Kappa Opioid Receptor Antagonism Restores Phosphorylation, Trafficking and Behavior induced by a Disease Associated Dopamine Transporter Variant

Abstract

Aberrant dopamine (DA) signaling is implicated in schizophrenia, bipolar disorder (BPD), autism spectrum disorder (ASD), substance use disorder, and attention-deficit/hyperactivity disorder (ADHD). Treatment of these disorders remains inadequate, as exemplified by the therapeutic use of d-amphetamine and methylphenidate for the treatment of ADHD, agents with high abuse liability. In search for an improved and non-addictive therapeutic approach for the treatment of DA-linked disorders, we utilized a preclinical mouse model expressing the human DA transporter (DAT) coding variant DAT Val559, previously identified in individuals with ADHD, ASD, or BPD. DAT Val559, like several other disease-associated variants of DAT, exhibits anomalous DA efflux (ADE) that can be blocked by d-amphetamine and methylphenidate. Kappa opioid receptors (KORs) are expressed by DA neurons and modulate DA release and clearance, suggesting that targeting KORs might also provide an alternative approach to normalizing DA-signaling disrupted by perturbed DAT function. Here we demonstrate that KOR stimulation leads to enhanced surface trafficking and phosphorylation of Thr53 in wildtype DAT, effects achieved constitutively by the Val559 mutant. Moreover, these effects can be rescued by KOR antagonism of DAT Val559 in ex vivo preparations. Importantly, KOR antagonism also corrected in vivo DA release as well as sex-dependent behavioral abnormalities observed in DAT Val559 mice. Given their low abuse liability, our studies with a construct valid model of human DA associated disorders reinforce considerations of KOR antagonism as a pharmacological strategy to treat DA associated brain disorders.

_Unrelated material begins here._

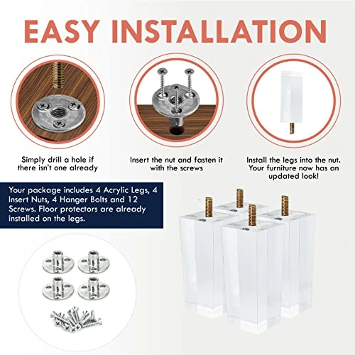 - EASY INSTALLATION: Your package includes 4 acrylic legs, 4 insert nuts, and 12 screws with pre-drilled 5/16” bolts so you can attach your new legs in under 10 minutes. Simply drill a hole if there isn’t one already, insert the nut and fasten it with the screws, and then tighten the screws. Your furniture now has an updated, refreshed look!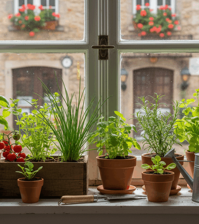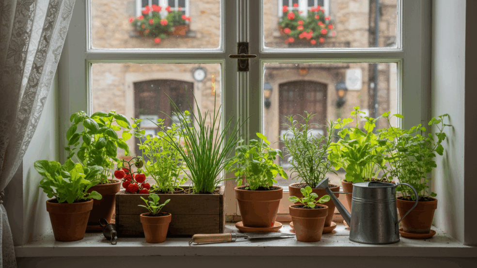 • Temperos e ervas: cebolinha, salsinha, coentro, hortelã, manjericão, alecrim e tomilho se desenvolvem bem em vasos pequenos, inclusive em peitoris de janelas.

Figure 1:. The KOR agonist U69,593 increases DAT-mediated uptake via a Thr53 dependent mechanism.

EM4 cells were transfected with DAT and KOR and uptake of [³H]DA was assessed as described in Methods. A: U69,593 (10 μM) increased WT DAT-mediated uptake in rDAT/rKOR cotransfected EM4 cells in a concentration-dependent manner as compared to vehicle (n= 3 independent observations per condition, one-way ANOVA, followed by Bonferroni post-hoc tests). B: Treatment with 10 μM U69,593 enhanced WT DAT specific uptake in a time-dependent fashion (n= 5 independent observations per condition, one-way ANOVA, followed by Bonferroni post-hoc tests). C: Incubation with 10 μM U69,593 increased WT DAT V_max (two-tailed unpaired t-test) without effect on K_M (n=3 independent observations per condition, two-tailed Student’s unpaired t-test). D: Treatment with U69,593 significantly augmented WT DAT-mediated uptake when compared to vehicle in cells that expressed KOR plus either WT DAT or a truncated version of DAT, lacking the first 22 N-terminal residues (DAT Δ1–22). In contrast, truncation of the first 55 N-terminal residues (DAT Δ1–55 DAT) prevented KOR-agonist induced increases in [³H]DA uptake. (n=5–6 independent observations per condition, one-way ANOVA, followed by Bonferroni post-hoc tests) E: Site-directed mutagenesis of DAT Thr53 to alanine (DAT-Ala53) rendered transporter-mediated DA uptake insensitive to pre-treatment with U69,593 at 5 and 10 μM (n=4 observations per condition, One-way ANOVA, followed by Bonferroni posthoc tests). F: U69,593 did not affect the kinetic parameters K_M and V_max of the DAT-Ala53 mutant (n=3 independent observations per condition, Student’s two-tailed unpaired t-test) Data are shown as the mean with error bars reflecting the SD *=P<0.05; **=P<0.01; ***=P<0.001; ****=P<0.0001.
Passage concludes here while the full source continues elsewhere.